April 12th- bloodwork:
TSI-360 (normal<140) High
T4 Free - 2.7 (normal 0.8-2.7) high end of normal
T3 total- 116 (normal 76-1810
Total T4- 9.9 (normal 4.5-12)
TSH- <0.01

Around early May I felt GREAT!! The best I had felt in 2 years. Stopped taking atenolol, had normal energy amount, feeling really good. Feeling so NORMAL at that point!

Fast forward to about 1 to 1.5 weeks ago, and my energy level took a nosedive. Called my endo, they said to have my bloodwork done now and they would call me when results came in. Had blood drawn on Tuesday of this week, called Endo today to ask them to try to expedite whatever they could as I am kind of freaked out by how little energy I have. Got the typical "it takes 7-10 days, we'll call you" etc. I told them that if I didn't know it was probably my thyroid, I would go to the hospital thinking I had something very wrong with me. I am barely functioning. The worst part is again trying to go to work....ugh. Financially I can't take any time off again (which I did after my RAI treatment since I was still feeling very hyper for a few weeks). I asked them today if going to the hospital would be of any benefit, they said no. They close for the weekend today and so I'm SOL with them until at the very earliest Monday. Of Course, I work Fri-Sun....

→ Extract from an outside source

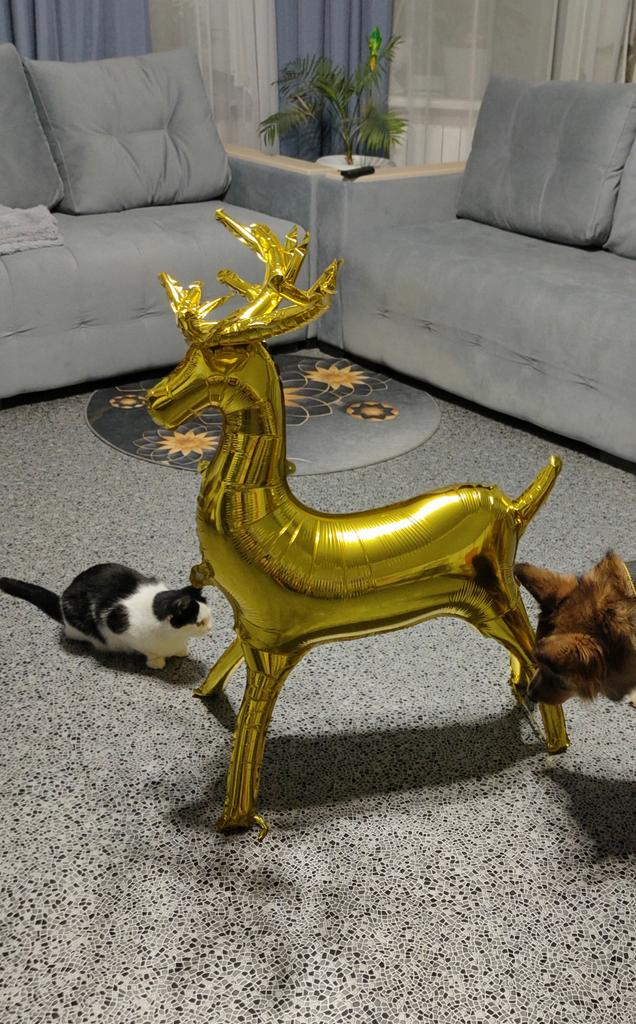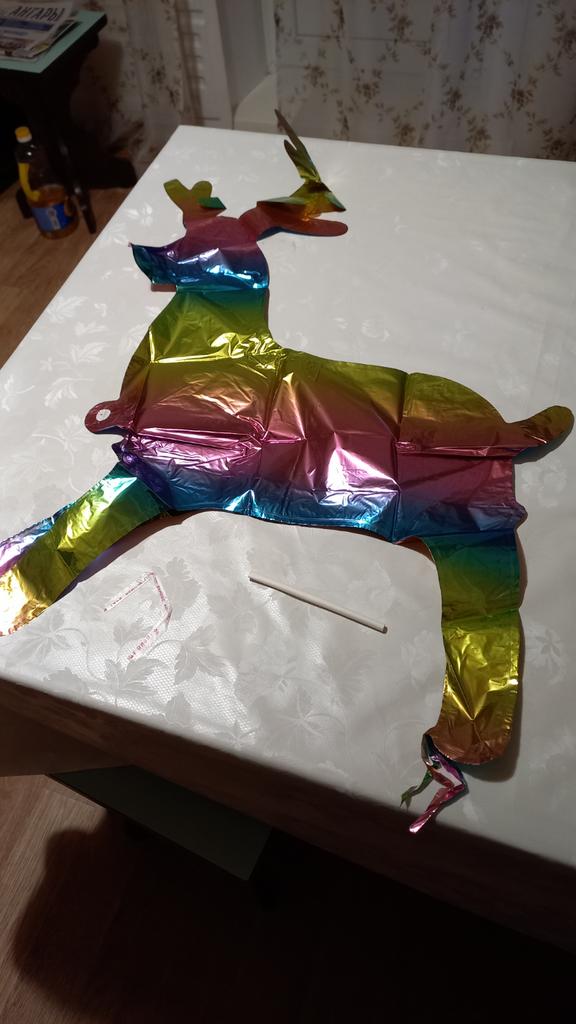 At first I thought it was a deer with 2 legs, but when inflated, 2 more appeared))) they were glued together. Looks very cool 👍🔥. I recommend to buy

Any suggestions/ideas/opinions? Am I being a baby and this is what hypo feels like, or am I possibly severely hypo? Do I just wait all weekend and into next week like this so they can start me on thyroid supplements? I'm sure that's all I need, but it's like pulling teeth to get them to recognize the severity of how I feel as legit. Any advice would be welcomed. Hope you are all doing well

Lauren


----------



## Andros (Aug 26, 2009)

Weasel311 said:


> Hi everyone,
> 
> I began posting back in February about being very hyper with Graves for 2 years, and then my subsequent RAI treatment in March. It is now June and I am figuratively feeling like I'm in the toilet healthwise. Sleeping 18-20 hours per day, totally dead tired, confused, foggy, freezing cold, limbs going numb and cold to the touch, hard time writing and typing (arms feel heavy). It would make sense that I am now hypo after having RAI, but I am just concerned by how quickly things have gotten bad. It's taking all I have to type this.
> 
> ...


Lauren; are you implying that you are NOT on any thyroxine replacement yet?


----------



## Weasel311 (Feb 13, 2011)

Correct, I am not on any replacement at all. Seriously considering going to the hospital.


----------



## Andros (Aug 26, 2009)

Weasel311 said:


> Correct, I am not on any replacement at all. Seriously considering going to the hospital.


OMG!! You need to go to the ER as soon as you can. YOu can go into a coma and die!!

Please please drop everything and go. They can give you Thyroxine by IV to pull you out of this. Then Rx for you.

Who did this to you? What doctor would let this happen?

You must please take my advice!

So upset here and I am praying for you big time!

http://www.uptodate.com/contents/myxedema-coma

Myxedema Coma...................please read and go.
http://www.medicinenet.com/myxedema_coma/article.htm

I cannot tell you how worried I am. This is very very serious.
http://emedicine.medscape.com/article/768053-overview


----------



## Weasel311 (Feb 13, 2011)

Hi Andros! Thanks so much for your reply and concern. I just got home from the ER- bloodwork showed Free t-4 as 0.32 (normal 0.8-2.7) down from 2.7 to 0.32 in a month! TSH went from <0.01 in April to 133.40 today. Was given synthroid and set up to see the partner of my primary care doctor first thing tomorrow AM.. the ER doctor couldn't even get ahold of any endocrinologists....sigh. Glad I went. Again, thanks Andros. Will update you guys when I get more info. Doctors can be sooo frustrating!


----------



## oceanmist (Apr 30, 2007)

Thank God your ok!............

Ocean


----------



## HeidiBR (Apr 4, 2010)

Oh my God. You must have been so frightened. Did they give you any T4 via IV to help bring down the TSH?


----------



## lavender (Jul 13, 2010)

Oh my gosh! your endo sounds positively dangerous! You need some thyroid meds pronto! I am glad the ER was able to help and get you into the doc in the morning. I had trouble getting my endo to respond to anything, no matter how sick I felt. I eventually fired him and found a primary care doc who was willing to treat my thyroid issues, and not make me wait weeks to get lab results.


----------



## Andros (Aug 26, 2009)

Weasel311 said:


> Hi Andros! Thanks so much for your reply and concern. I just got home from the ER- bloodwork showed Free t-4 as 0.32 (normal 0.8-2.7) down from 2.7 to 0.32 in a month! TSH went from <0.01 in April to 133.40 today. Was given synthroid and set up to see the partner of my primary care doctor first thing tomorrow AM.. the ER doctor couldn't even get ahold of any endocrinologists....sigh. Glad I went. Again, thanks Andros. Will update you guys when I get more info. Doctors can be sooo frustrating!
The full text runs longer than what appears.